According to Ander, a P3 also demands that the private-sector partner make some adjustments to accommodate the requisite political process and its need for information, which raises issues around what information is required by the public versus what needs to be withheld because it is commercially sensitive. For example, a private-sector partner might willingly report certain information to an in camera municipal council meeting but not feel comfortable reporting the same information in a public meeting.

But that represents just one relatively small way in which private and public sector partners traditionally diverge. "Culturally, we have a faster decision-making process than our public partner. But the situation is necessarily very different for a government partner that is entrusted to manage public funds. Partners have to find a workable balance," says Ander.

Lastly, Ander says the private-sector partner should never lose sight of the big picture. "You must have the financial strength and culture to look long term," he says, explaining that unforeseen or unlikely events can have an impact on a company's business plan but needn't derail it.

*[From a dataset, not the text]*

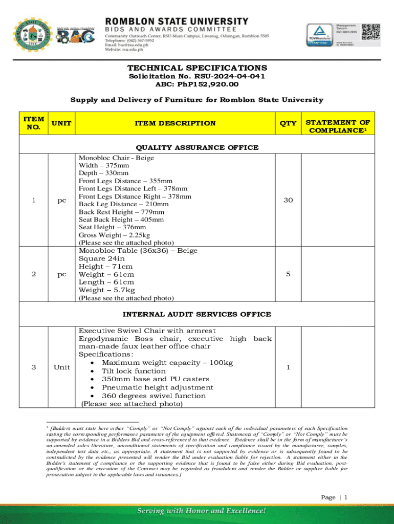 TECHNICAL SPECIFICATIONS Solicitation No. RSU202404041 ABC: PhP152,920.00 Supply and Delivery of Furniture for Romblon State University ITEM UNIT NO.ITEM DESCRIPTIONQTYSTATEMENT OF COMPLIANCE1QUALITY

So, is the SDEC a good model for other communities to follow? Ander says not necessarily, pointing out that different communities have different needs and areas of expertise. Toromont's recent arrangements with three other Ontario communities vary greatly.

However, in Sudbury the SDEC model works. In December 2001, the SDEC will increase its services with the addition of a new stand-alone co-generation plant adjacent to the expanding Sudbury Regional Hospital. The system will provide the hospital with heating, cooling, electricity and steam. A 20-year agreement secures the SDEC as the hospital's exclusive energy provider.

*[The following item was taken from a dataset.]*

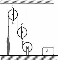 39.体重为510N的人,站在水平地面上对地面的压强为p1, 如图所示,用滑轮组拉物体A沿水平方向做匀速运动,此时人对地面的压强为p2,压强变化了2750pa。已知人一只脚的面积是200cm2,滑轮组的机械效率为80%。(不计绳重和摩擦,地面上的定滑轮与物体A相连的绳子沿水平方向,地面上的定滑轮与动滑轮相连的绳子沿竖直方向,人对绳子的拉力与对地面的压力始终竖直向下且在同一直线上,)。求:(1)绳对人的拉力;(2)物体A与地面的摩擦力;(3)若在物体A上再放一个物体B,滑动摩擦力增大了30N,此时该装置的机械效率是多少?(7分)

Would Harvey Prudhomme, who today sits on SDEC's board of directors, call Sudbury's P3 a success? "We have an original $14 million project that is going to pay for itself and then turn a profit," he responds. "And with the addition of the new hospital plant, the city is going to have a total of 11 megawatts of back-up power that in a major emergency situation could provide energy to a lot of community care centres. Yes, I'd call that a success."


Brad Latta is a freelance writer based in Ottawa.